A thyroidectomy is the surgical removal of all (total thyroidectomy) or part (partial thyroidectomy) of your thyroid gland — the butterfly-shaped organ in your neck.
Thyroidectomy is the main surgical treatment for thyroid cancer and is a treatment option for certain thyroid conditions, including:
Thyroid nodules: A thyroid nodule is a growth (lump) of thyroid cells in your thyroid gland. Thyroid nodules are usually benign (noncancerous), but they can be malignant (cancerous). Sometimes, thyroid nodules can produce excess thyroid hormone, which causes certain symptoms.
Goiter: Goiter is an enlarged thyroid gland with or without thyroid nodules. If it grows large enough, it can put pressure on your trachea or food pipe (esophagus) and make it more difficult to breathe and swallow.
Hyperthyroidism: Hyperthyroidism (overactive thyroid) is a condition in which your thyroid creates and releases more hormones than you need. It has several causes, and surgery is one of the treatment options for the condition.
Papillary thyroid cancer
Follicular thyroid cancer
Medullary thyroid cancer (MTC)
Anaplastic thyroid cancer
Primary thyroid lymphoma (surgery is limited to obtaining a tissue biopsy).
Metastasis to the thyroid from cancer elsewhere in your body (most commonly renal cell cancer and lung cancer).
There are two main categories of thyroidectomies: Total and partial.
1) Total or near-total thyroidectomy :
A total or near-total thyroidectomy is the surgical removal of all or most of your thyroid tissue. The type of thyroidectomy you need depends on the reason for the surgery. For example, if you have a nodule on one side of your thyroid, you may need a hemithyroidectomy to remove the affected lobe. If you have a large goiter or a large cancerous tumor, you’ll likely need a total thyroidectomy.
2) Partial thyroidectomy :
Hemi-thyroidectomy or thyroid lobectomy: The surgeon removes one lobe (one half) of your thyroid.
Isthmusectomy: The surgeon removes the thyroid tissue between the two lobes (thyroid isthmus). Surgeons perform this surgery specifically for small tumors that are located in the isthmus.
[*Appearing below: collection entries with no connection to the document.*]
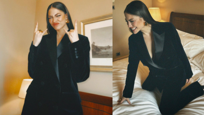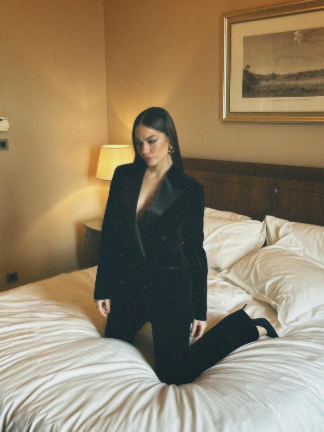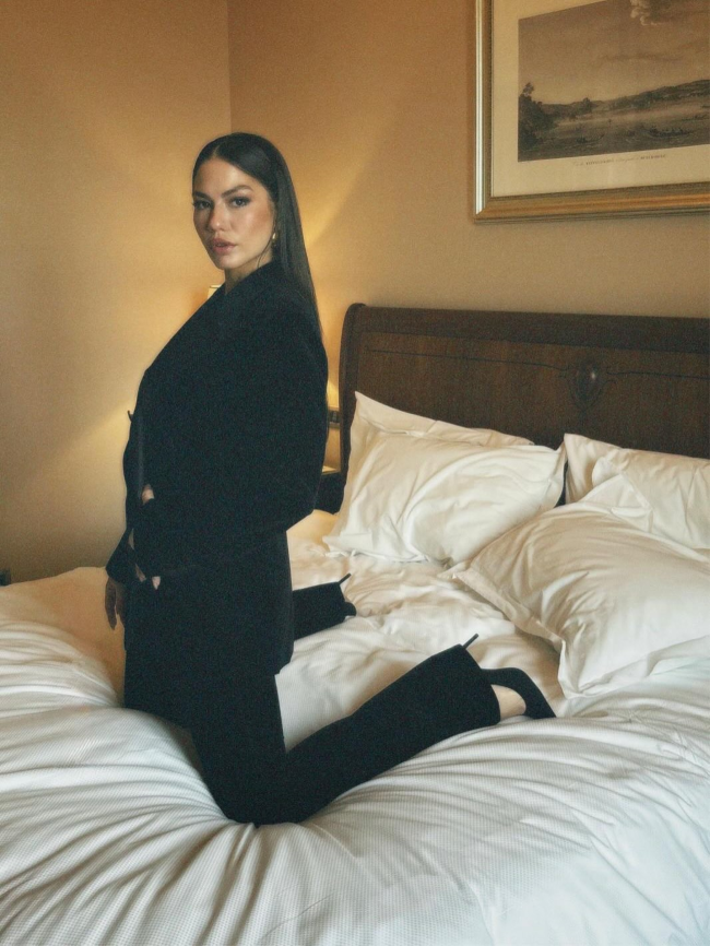 Eşref Rüya dizisinde Nisan karakterine hayat veren Demet Özdemir, yatağın üzerinde siyah takım elbisesiyle verdiği pozlarla dikkatleri üzerine çekti.
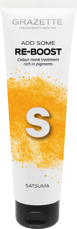 Grazette Add Some RE-BOOST Satsuma är en pigmentrik tonande färginpackning som ger din hårfärg nytt liv och glans. För alla som vill förstärka, förändra eller bevara sin färg. Tar även bort oönskade toner i håret. Färginpackningen är djupt vårdande, återfuktande och mjukgörande. Med avancerad pigmentteknologi och rik på vegetabiliskt protein.
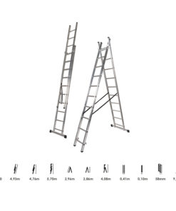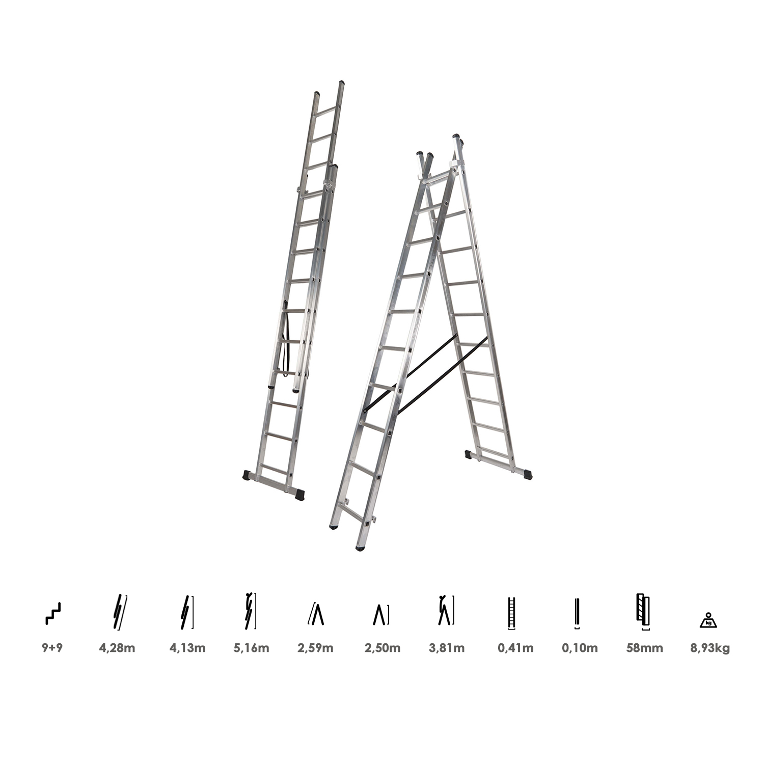 Escalera Aluminio 2 Tramos 10+10 Peldaños. Plegable, Antideslizante, Resistente
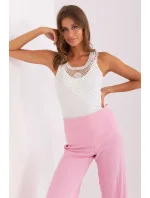 Tričko bez ramínek z žebrované tkaniny s kulatým výstřihem. Výstřih zdobí všitá krajka.
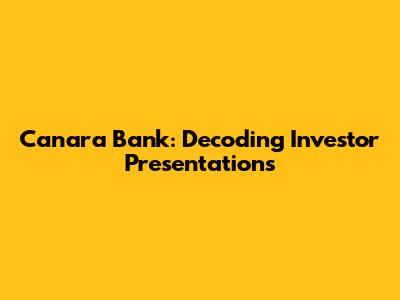 Canara Bank: Decoding Investor Presentations
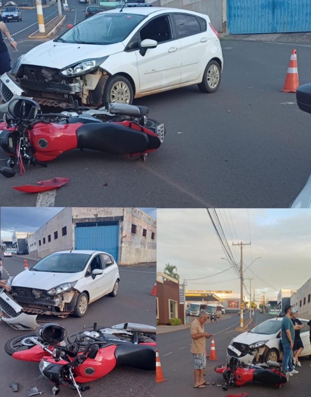 Um acidente entre um carro e uma moto foi registrado em Fernandópolis por volta das 18h55 desta sexta-feira (14) no cruzamento das avenidas Brasil e Brasília. Segundo informações, a condutora de uma moto Honda vermelha seguia no sentido bairro quando um veículo Ford Fiesta branco não respeitou a sinalização de pare e cruzou a via, resultando em uma colisão frontal.
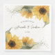 These rustic sunflower wedding paper napkins are an essential detail for any summer or fall wedding. Adorned with a charming sunflower design, they perfectly capture the spirit of a rustic-themed celebration. Each napkin can be personalised with the names of the bride and groom along with the wedding date, adding a bespoke touch to your special day. The warm, inviting colours complement a variety of rustic sunflower themed wedding stationery, ensuring a cohesive look throughout your event. These elegant and functional napkins not only serve a practical purpose but also enhance the overall aesthetic of your wedding tablespace, making them a delightful addition to your matrimonial festivities.
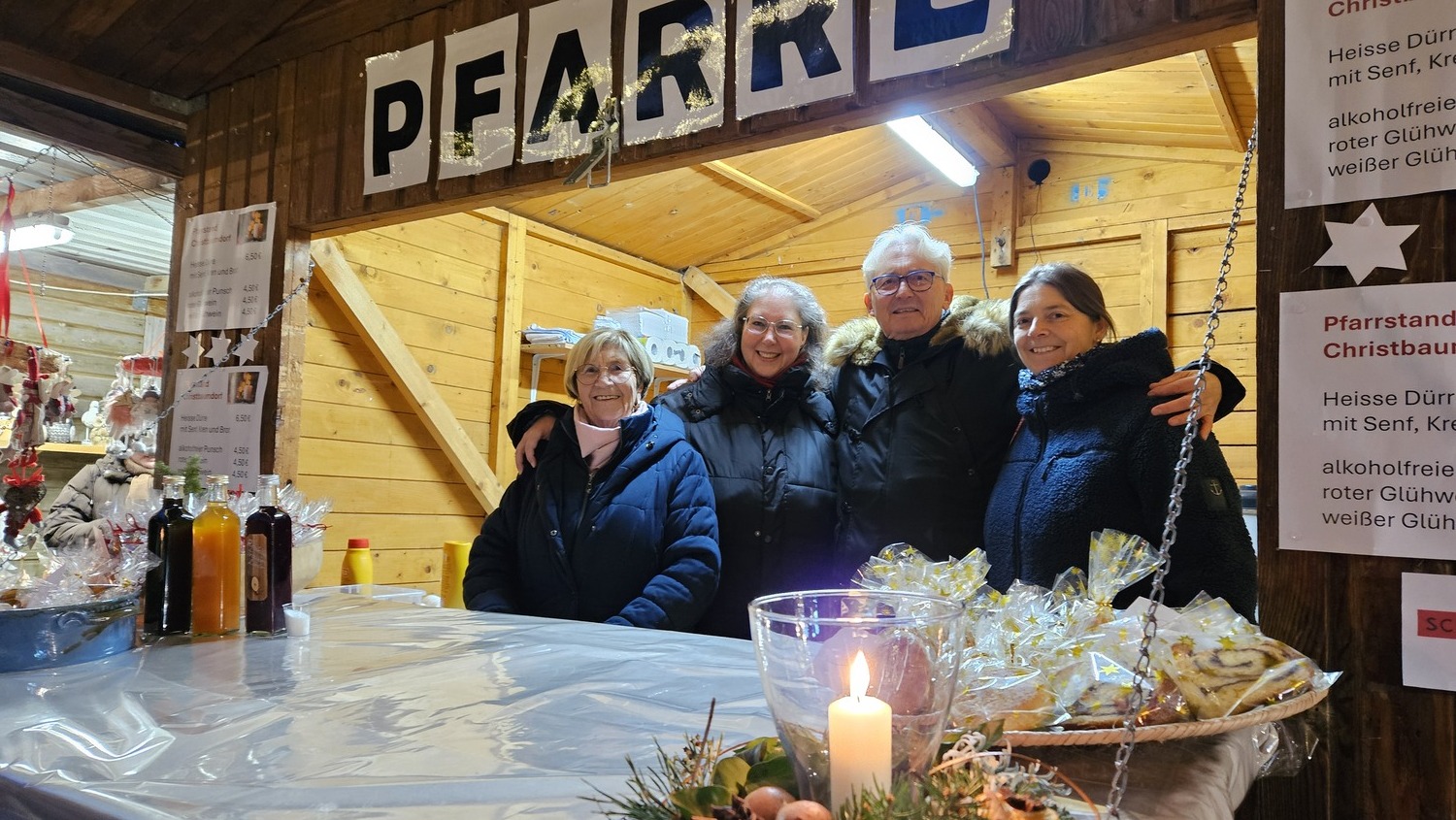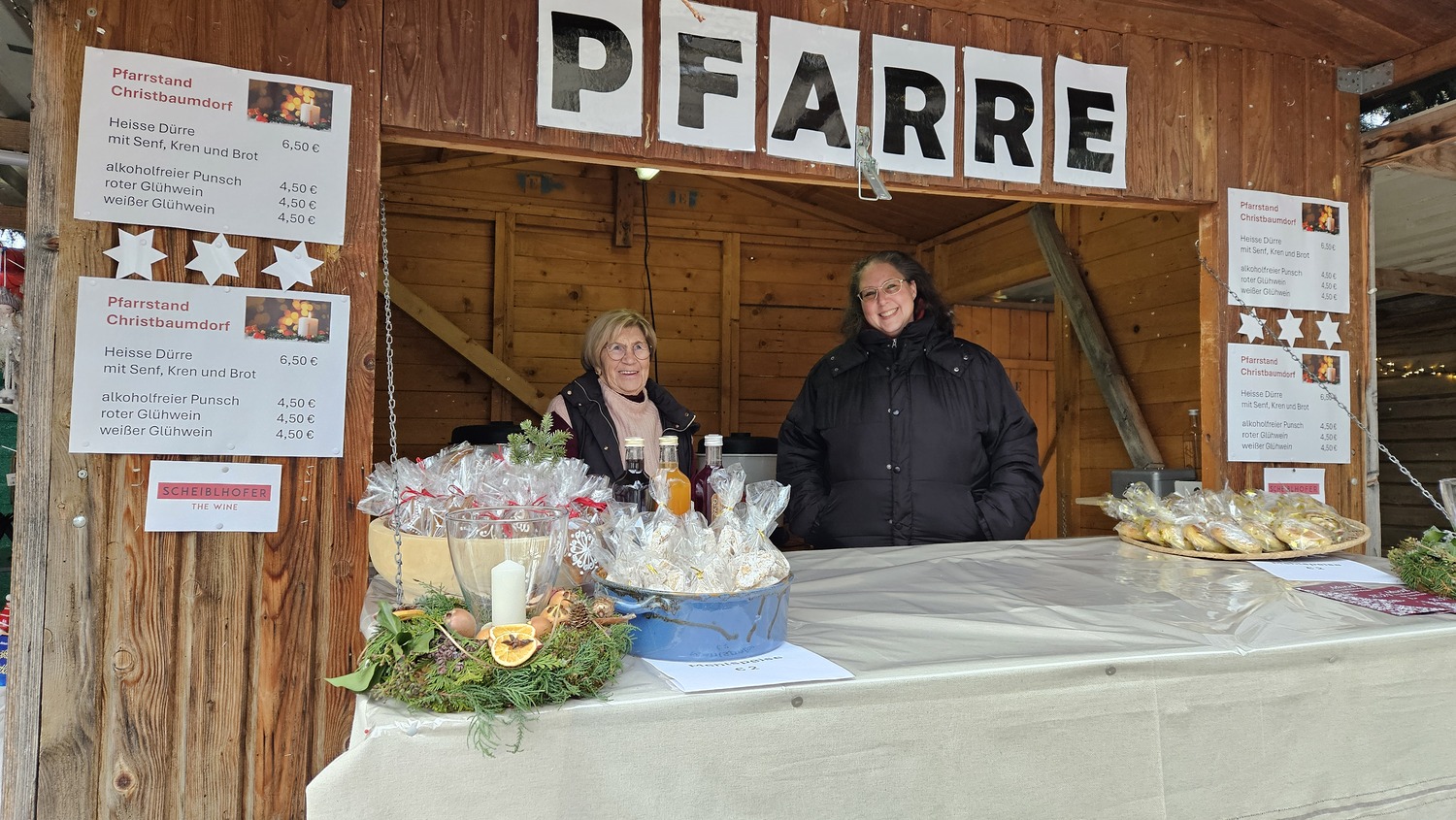 Traditionell betreibt die Pfarre Bad Sauerbrunn am ersten Adventwochenende einen "Pfarrstand" im Christbaumdorf im Kurpark von Bad Sauerbrunn. Pfarrkuratorin Gerti Ankerl und die Pfarrgemeinderäte bemühten sich um den Zuspruch der Gäste. Und der war groß!
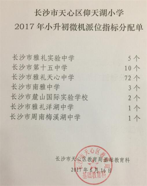 2017年长沙仰天湖小学小升初微机派位指标 家长帮长沙站 2017-06-16 20:57:00 2017年长沙仰天湖小学小升初微机派位指标 编辑推荐: 2017年长沙各校小升初微机派位指标汇总 2017长沙小升初微机派位志愿填报注意事项 长沙微机派位到底是怎样的操作方式?

Open thyroid biopsy: In this operation, the surgeon removes a thyroid nodule directly. Surgeons rarely perform this surgery.
Your healthcare provider may recommend thyroidectomy for any of the following reasons:
You have a nodule (growth) on your thyroid that might be thyroid cancer
You have a diagnosis of thyroid cancer
You have a large nodule or goiter that’s compressing your trachea or esophagus and making it difficult to breathe or swallow
You have a nodule or goiter that’s releasing excess thyroid hormone, resulting in hyperthyroidism, and it’s not responding to other treatment options.
Before your surgery, an anesthesiologist will give you general anesthesia to relax your muscles, prevent pain and make you fall asleep. Your healthcare team will also place a breathing tube down your throat for the procedure.
During a thyroidectomy, there are a few ways your surgeon can access your thyroid, including:
Through a standard incision in your neck.
Through a smaller incision with the help of a video camera (minimally invasive video-assisted thyroidectomy).
With the assistance of a robot through a distant incision in either the axilla (the space below your shoulder through which vessels and nerves enter and leave your upper arm) or the back of your neck
Depending on your situation, your surgeon will remove:
Part of your thyroid (lobectomy).
Most of your thyroid (near-total thyroidectomy).
All of your thyroid (total thyroidectomy).
During surgery for a thyroid cancer diagnosis, your surgeon may sample lymph nodes around your thyroid gland. If found, a pathologist will check the lymph node sample during surgery for evidence of thyroid cancer. If they find cancerous cells, your surgeon may also remove nearby lymph nodes in your neck.
Once your surgeon is done, they’ll close the incision with stitches (sutures).
Surgery to remove your whole thyroid may take up to four hours. It may take less time if your surgeon removes only part of your thyroid.
Once you have recovered from anesthesia and are fully awake, you’ll likely be able to have something light to eat and drink.
Your throat may be sore due to the breathing tube your healthcare team placed during the surgery. You may also have a small tube (catheter) in your incision to help drain blood and other fluids that build up. Your surgeon will remove the drain one or two days after the surgery.